Hakim-Hakim 8:35 - Kekuatan yang Tak Terduga

"Dan mereka tidak lagi mencari TUHAN, Allah leluhur mereka, yang membebaskan mereka dari tangan musuh-musuh mereka."
Bangkit

Ayat dari Kitab Hakim-hakim 8:35 ini memberikan sebuah refleksi mendalam mengenai sifat manusia dan hubungan mereka dengan Sang Pencipta. Dalam konteks sejarah bangsa Israel, ayat ini sering kali menjadi pengingat akan siklus kejatuhan dan kebangkitan spiritual yang terus berulang. Setelah mengalami kemenangan besar dan pembebasan dari penindasan yang panjang, reaksi umat Israel bukanlah rasa syukur dan kesetiaan yang berkelanjutan, melainkan sebuah kecenderungan untuk melupakan sumber kekuatan sejati mereka.

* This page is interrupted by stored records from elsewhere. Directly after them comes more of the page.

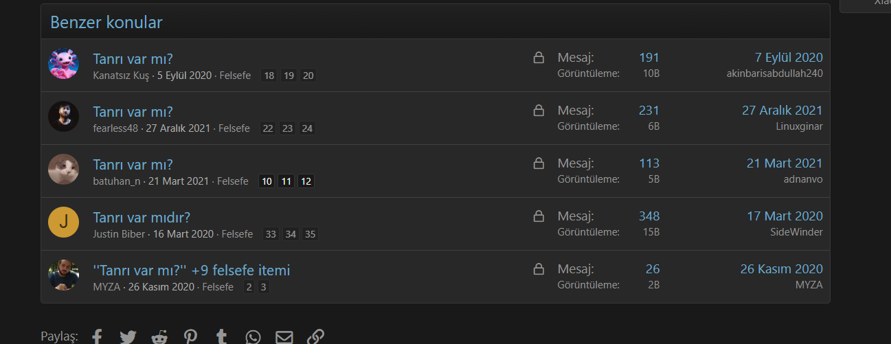 Buna katılmıyorum. İstediğine inansın. İnanma isteği, insanın düşünme eylemi gelişiminden beri var. Ama yeter ki radikal olmasın, varlığını kanıtlayamadığı bir şeyi inandırmaya çalışmasın yeter.Maalesef sizin gibi düşünenlerde cennete gideceğini zannediyor ve 1 tane olan hayatını boşa bu tarz saçma inanışlarla geçirip ölüyorlar. Maalesef gerçek bunlar ne kadar inanmak istemeseniz de. İnsanlar olarak egonuz izin vermiyor olabilir bunlara Evren'e göre çok önemli olduğumuzu zannediyoruz çünkü![]()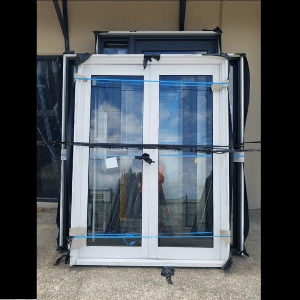 For sale is one 2100mm high by 1510mm wide Textura White (powdercoated) aluminium french door with clear glass, 98mm timber reveal and a key. Both panels of this door will swing open to the exterior. This is a factory second product and has been priced accordingly. Factory seconds are usually just cancelled orders but may have some minor marks from handling; as such, we recommend inspection prior to purchase.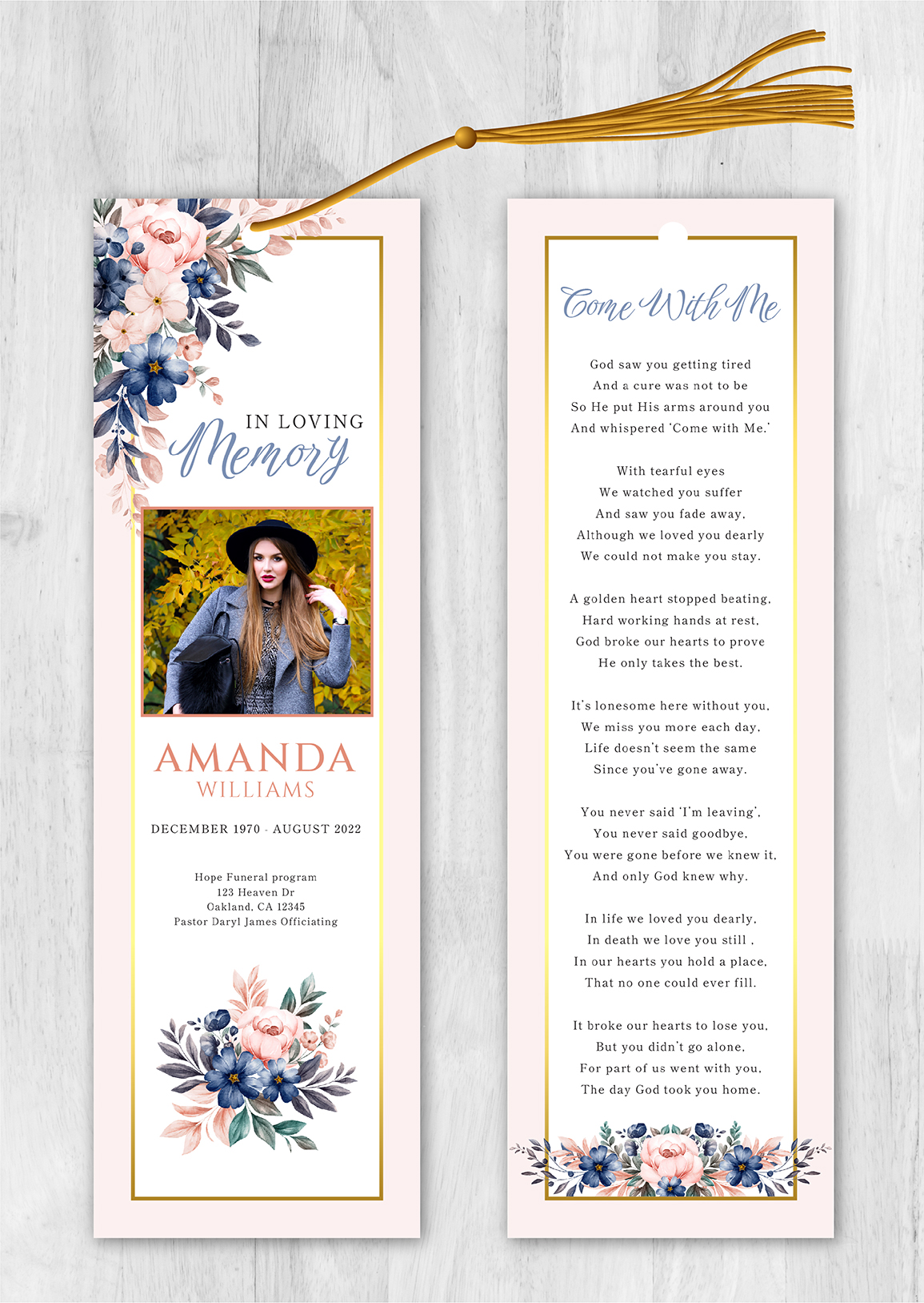 Free UPS 2-day Air Shipping Included with orders over $50 (overnight shipping is available). Orders are printed and shipped the following day after the order is placed. No need to wait for a designer, you can customize this design yourself with our online design tool! It’s simple and easy. Just select the options below and click the “next” button to customize the design with your text and photos. You can also choose to have us customize the design for you. Our memorial bookmarks (front and back) are 2.5″x8.5″. All memorial bookmarks are printed on 110lb matte cover card stock or 110lb glossy cover card stock.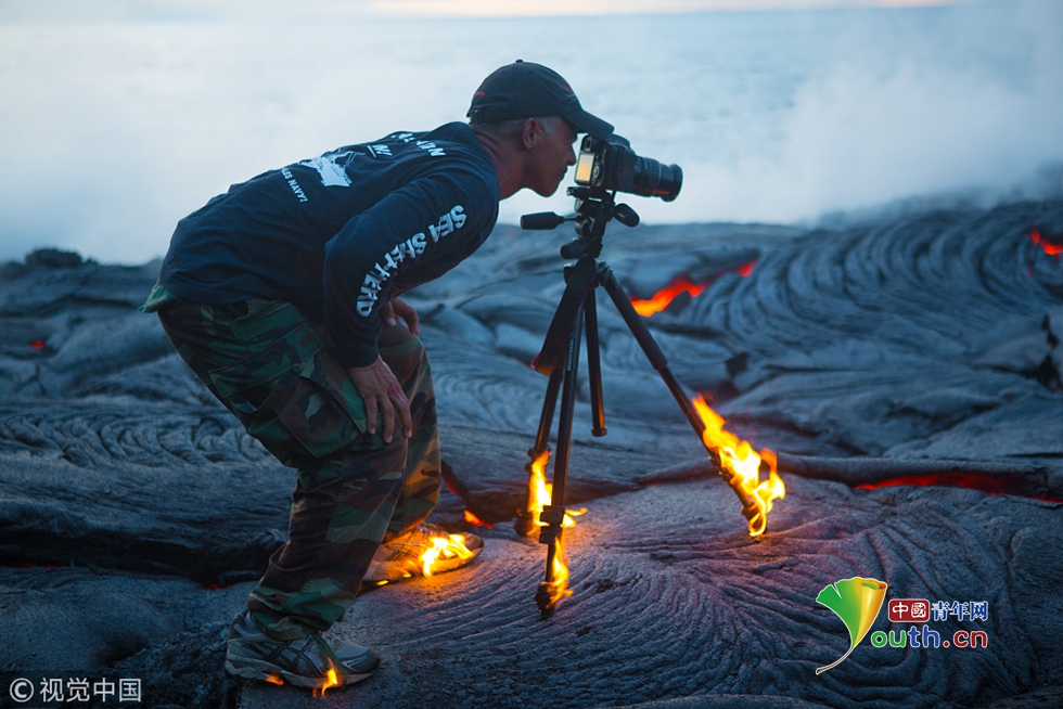 距離巖漿如此之近拍照十分危險(xiǎn)。攝影師Kawika Singson在拍攝過程中,經(jīng)歷了極大的危險(xiǎn)。流入海洋的巖漿量,風(fēng)向,以及巖漿基床的結(jié)實(shí)程度等風(fēng)險(xiǎn)都需要考慮。 圖片來源:視覺中國(guó)

Kisah dalam Kitab Hakim-hakim sering kali menggambarkan bagaimana bangsa Israel, setelah diselamatkan oleh Tuhan dari berbagai musuh mereka, kemudian berpaling kepada penyembahan berhala dan gaya hidup yang menyimpang. Kemenangan yang diraih atas Midian dan sekutunya melalui Gideon adalah salah satu bukti kehebatan campur tangan ilahi. Namun, alih-alih memelihara ingatan akan pemeliharaan Tuhan ini, mereka justru menjadi terlena dalam kenyamanan dan kemakmuran pasca-kemenangan. Ayat ini secara gamblang menyatakan bahwa mereka "tidak lagi mencari TUHAN, Allah leluhur mereka". Ini bukan hanya tentang kelalaian, tetapi sebuah penolakan sadar untuk terus berhubungan dengan sumber kehidupan dan keselamatan mereka.

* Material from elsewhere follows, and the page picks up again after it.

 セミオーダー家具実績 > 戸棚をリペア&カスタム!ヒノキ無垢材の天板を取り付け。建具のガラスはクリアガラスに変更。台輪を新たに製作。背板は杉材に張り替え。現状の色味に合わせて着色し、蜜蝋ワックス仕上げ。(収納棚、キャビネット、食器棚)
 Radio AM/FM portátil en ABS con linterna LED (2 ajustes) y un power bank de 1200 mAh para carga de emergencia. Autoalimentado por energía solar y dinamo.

Fenomena ini memiliki relevansi yang kuat hingga masa kini. Dalam kehidupan pribadi maupun kolektif, kita sering kali melihat pola yang serupa. Ketika menghadapi kesulitan, ancaman, atau penderitaan, manusia cenderung mencari perlindungan, harapan, dan kekuatan dari sumber yang lebih tinggi, termasuk dari Tuhan. Doa menjadi lebih tekun, ibadah lebih khusyuk, dan komitmen terhadap prinsip-prinsip spiritual semakin diperkuat. Kita mengakui ketergantungan kita pada kuasa yang lebih besar.

Namun, begitu badai berlalu, situasi membaik, dan kenyamanan kembali diraih, godaan untuk kembali ke pola hidup lama sering kali tak tertahankan. Kita menjadi sibuk dengan urusan duniawi, terlena dalam kesuksesan materi, atau sekadar menikmati kedamaian tanpa disadari bahwa kedamaian itu sendiri adalah anugerah. Akibatnya, hubungan dengan Tuhan menjadi renggang. Doa menjadi jarang, Firman Tuhan terabaikan, dan rasa syukur menjadi hal yang basa-basi. Kita mungkin tidak secara terang-terangan meninggalkan Tuhan, tetapi kita berhenti "mencari" Dia dengan sungguh-sungguh.

Ayat Hakim-hakim 8:35 menjadi panggilan untuk introspeksi. Ini mendorong kita untuk memeriksa hati kita: apakah kita hanya mencari Tuhan saat membutuhkan, ataukah kita senantiasa menjalin hubungan yang erat dengan-Nya? Kebangkitan spiritual bukanlah sekadar momen sekali waktu, melainkan sebuah proses berkelanjutan. Memelihara hubungan dengan Tuhan membutuhkan usaha yang disengaja, yaitu dengan terus mencari-Nya melalui doa, Firman, dan komunitas. Ingatan akan pembebasan dan pertolongan Tuhan di masa lalu seharusnya menjadi fondasi untuk kesetiaan di masa kini dan masa depan. Jangan sampai kita, seperti bangsa Israel, lupa bahwa sumber kekuatan dan anugerah terbesar datang dari Dia yang tak pernah berubah.